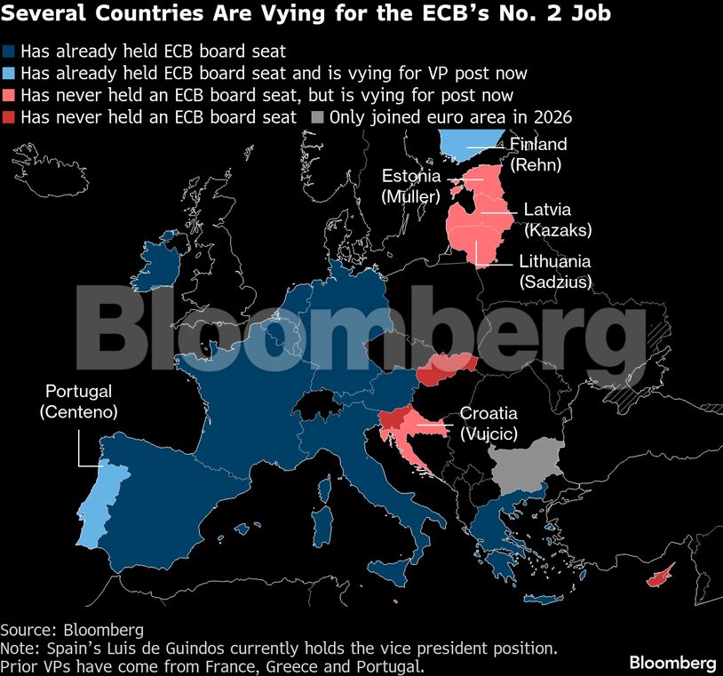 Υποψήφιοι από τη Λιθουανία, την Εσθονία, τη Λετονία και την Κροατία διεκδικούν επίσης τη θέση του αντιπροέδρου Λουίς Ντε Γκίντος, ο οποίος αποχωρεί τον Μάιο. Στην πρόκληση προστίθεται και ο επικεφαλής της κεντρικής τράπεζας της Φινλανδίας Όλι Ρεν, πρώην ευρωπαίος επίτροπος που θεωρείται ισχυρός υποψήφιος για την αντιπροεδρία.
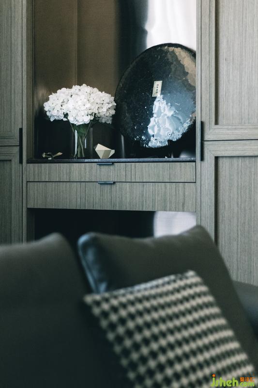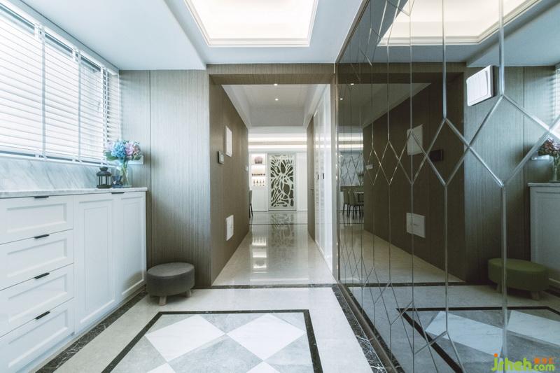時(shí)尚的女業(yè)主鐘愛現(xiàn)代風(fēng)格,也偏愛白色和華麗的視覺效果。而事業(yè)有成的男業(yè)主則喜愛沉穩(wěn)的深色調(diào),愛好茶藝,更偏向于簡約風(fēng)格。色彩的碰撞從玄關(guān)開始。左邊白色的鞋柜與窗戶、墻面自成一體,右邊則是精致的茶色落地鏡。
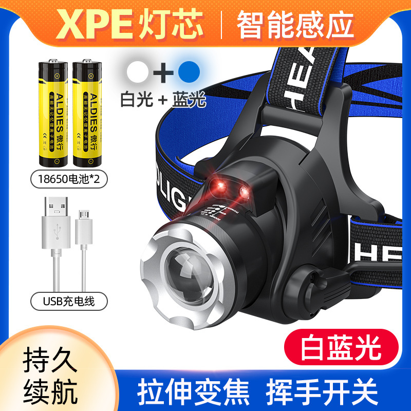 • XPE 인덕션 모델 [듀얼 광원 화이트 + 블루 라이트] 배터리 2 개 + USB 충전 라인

++++++++

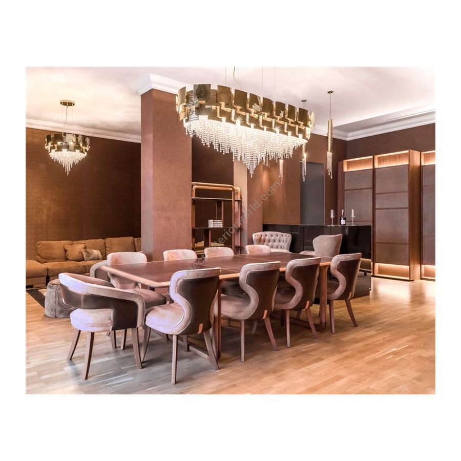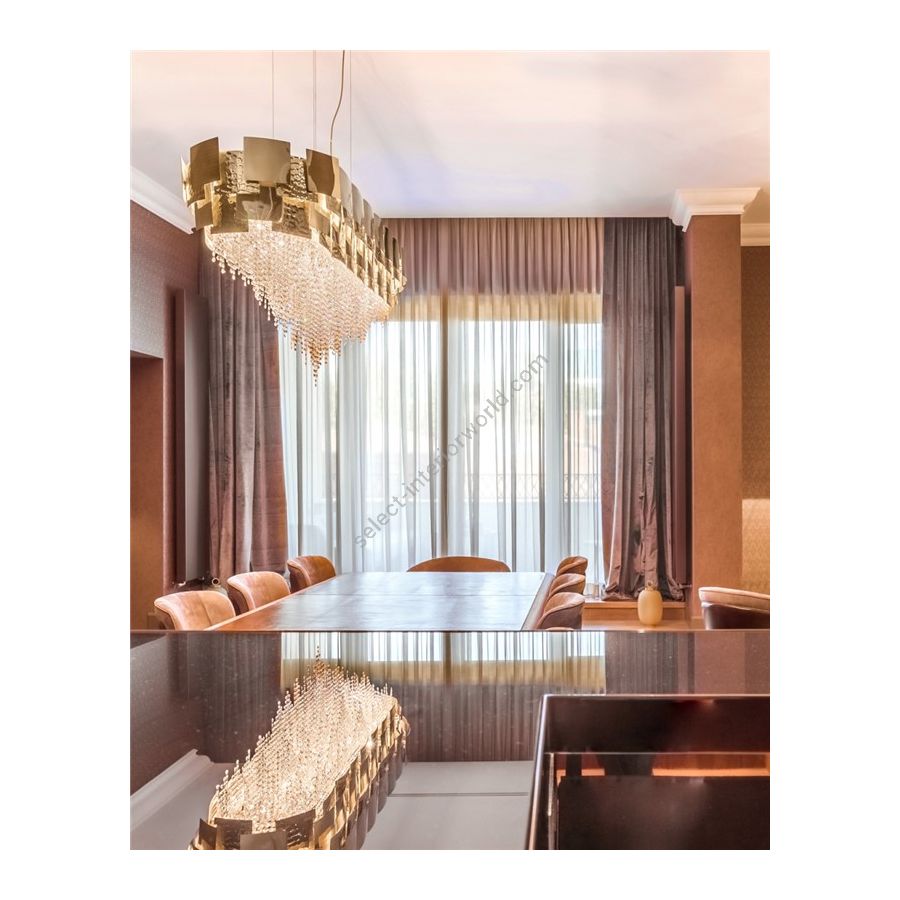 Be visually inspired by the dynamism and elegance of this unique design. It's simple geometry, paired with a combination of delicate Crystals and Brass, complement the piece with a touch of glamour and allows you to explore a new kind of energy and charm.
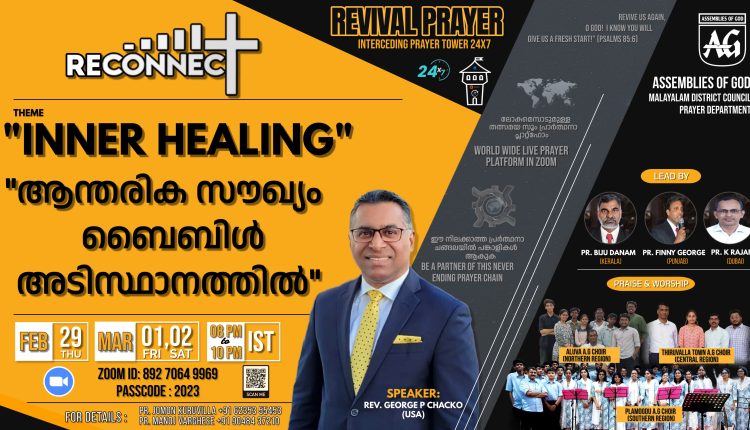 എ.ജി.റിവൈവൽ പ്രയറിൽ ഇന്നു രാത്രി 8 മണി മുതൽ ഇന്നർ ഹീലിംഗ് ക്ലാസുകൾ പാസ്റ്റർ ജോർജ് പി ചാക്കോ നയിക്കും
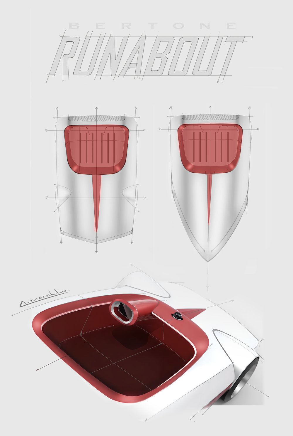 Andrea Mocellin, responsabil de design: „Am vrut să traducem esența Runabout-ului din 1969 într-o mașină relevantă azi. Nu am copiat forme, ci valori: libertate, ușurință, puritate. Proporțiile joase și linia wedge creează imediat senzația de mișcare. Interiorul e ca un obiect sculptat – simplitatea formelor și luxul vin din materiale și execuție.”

++++++++

**Task objective**:
Pictures excluded, give again exactly and only the lines of the material above from the line with "Be visually inspired" through the line with "Andrea Mocellin, responsabil".

**Answer box**:
 Be visually inspired by the dynamism and elegance of this unique design. It's simple geometry, paired with a combination of delicate Crystals and Brass, complement the piece with a touch of glamour and allows you to explore a new kind of energy and charm.
 എ.ജി.റിവൈവൽ പ്രയറിൽ ഇന്നു രാത്രി 8 മണി മുതൽ ഇന്നർ ഹീലിംഗ് ക്ലാസുകൾ പാസ്റ്റർ ജോർജ് പി ചാക്കോ നയിക്കും
 Andrea Mocellin, responsabil de design: „Am vrut să traducem esența Runabout-ului din 1969 într-o mașină relevantă azi. Nu am copiat forme, ci valori: libertate, ușurință, puritate. Proporțiile joase și linia wedge creează imediat senzația de mișcare. Interiorul e ca un obiect sculptat – simplitatea formelor și luxul vin din materiale și execuție.”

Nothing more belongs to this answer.